В два ночи санитара "на глазах" сменил Руся, и попрощавшись - до встречи со своей любимой Большой Медведицей на южном черном небе, Мезень пошел отбиваться спать. Нельзя ведь сутки без сна. Но сон не шел. Какое-то странное возбуждение витало в воздухе. Периодически укры крыли минометами, более внятно ухала "стволка", наша сторона отвечала, так же лениво - но это давно не мешало спать, спать мешало общее, да и личное санитарское предчуствие. Что-то намечалось резкое, горячее, острое. Встал, заварил двойной доширак, дополнил несколькими колечками сырокопченой гуманитарной колбасы. После трапезы немного попустил нервяк и удалось уснуть. Часов полпятого - пинок в подошву. В ситуациях возможного резкого изменения обстановки Мезень спал в обуви, лишь расшнуровав ботинки, чтобы ноги немного отдыхали. Продрал глаза - Змей стоит и еще кто-то с ним.
- Мезень, подъем, тебя со штурмами, похоже вперед. Через 5 малых тебя ждут у бункера Бугра.
Сон, и без того такой короткий, как рукой сняло. Тело проснулось, а голова еще ватная. Так. Собрался! Мезень потряс головой, выпил воды, плеснул немного на ладонь, растер по давно не мытому лицу. Оживший от воды сухой пот защипал глаза. Идти полторы минуты. Надел броню, каску, зачем-то открыл и тупо заглянул в санитарский рюкзак, закрыл. Снял с зарядки фонарики, закинул, и один на броню. Сигарет набил пачек пять - во все карманы и в поясную сумку. Если бы брал "Тэшку" - отвратительные сигареты, которые выдавали в любых количествах на складе у Рыжего старшины, то хватило бы и двух пачек. А вот гуманитарный московский Кэмел курился особенно хорошо и вкусно. Его все любили - да и вокруг одни стрелки, стрелковая ж рота.
Автомат из угла, дослал патрон, на предохранитель. Документы, телефон - все свое носил с собой, хоть многие и не советовали. Было некое суеверие - если сдал документы перед выходом на позиции, то, вроде как в один конец пойдешь. Суеверие, конечно. Но, все же - как москвич из девяностых, он привык паспорт всегда держать при себе.
Посмотрел на часы - как действие, чтобы занять глаза и руки, а не как интерес к тому, сколько же, и вправду, сейчас времени? Это было не важно.
- Змей, а где Руся?
- Его еще час назад в ту же сторону, по поручениям и по координации, к нашим штабным.
- Ага. Ты один что ли здесь остаешься?
- Да.
- Чот стремно одному-то, не?
- Да хер они пройдут!
Змей с решительным видом выставил пулемет на середину бункера. Всем видом представляя из себя полную и окончательную готовность для начала расстрелять хотя бы пару из стоящих рядом коробов с лентами. А там - как пойдет. Может ствол менять, может позицию, а может и костюм - на цинковый мундир.
Пожелали, как можно более оптимистично друг-другу хорошего дня.

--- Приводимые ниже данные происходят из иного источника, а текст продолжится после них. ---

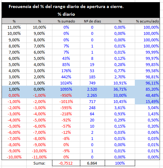 ¿Te refieres a alguna de las tablas que subo? Son del índice IBEX35 desde el año 1993. Quizá fuera mejor hacerlas algorítmicas para quitar la tendencia.landorra escribió: 02 Nov 2020 22:03 No fastidies que había estado mirando todo el tiempo unos valores de ATR sin saberlo. :O Obviamente que no se puede saber si subirá ao bajará. La variación es solo el rango de precio, no su dirección. ¿Se puede obtener entonces un valor porcentual a partir del ATR?
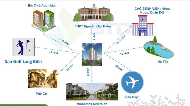 Dự án cách Trường mầm non tư thục An An 0.19km, Trường tiểu học Ái Mộ 0.4km, Trường THCS Ái Mộ (Gia Lâm B) 0.72km, Trường THPT Nguyễn Gia Thiều 0.81km, Trường THCS Ngọc Lâm 0.97km, Trường tiểu học Ngọc Lâm 1km, Trường THCS Bồ Đề 1.57km, Trường THCS Gia Thụy 1.95km, Trường tiểu học Gia Thụy 2.04km, Trường Tiểu học Sài Đồng 4.09km..
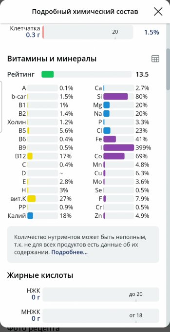 | Кол-во | Калории | Белки | Жиры | Углеводы | |

Вышел из бункера. Постоял, помолчал. И двинул - туда же, куда и штурмы. Вправо по окопу. Уже было почти светло, легкий туман. Шел сосредоточенно, с молитвой внутри, с обращением ко всем Высшим, к предкам и потомкам. У бункера Бугра уже собралось несколько человек, во главе с Котом - с этой группой санитар должен был идти в назначенную точку. Кот был очень напряжен - Мезень не часто его видал до этого, не близко знакомы, чтобы различать состояния, но напряжение было в нем самом и вокруг. Это потом санитар уже узнает, узнает и увидит воочию - некоторые люди чувствуют близкую смерть. На них нападает необъяснимая тревога и возбуждение. И человек не понимает - что с ним, почему трясет, и не может думать цельно. Это чуйка. Человек уже почти там - где нет болезни, нужды и воздыхания. Но еще - здесь, где всего этого в избытке.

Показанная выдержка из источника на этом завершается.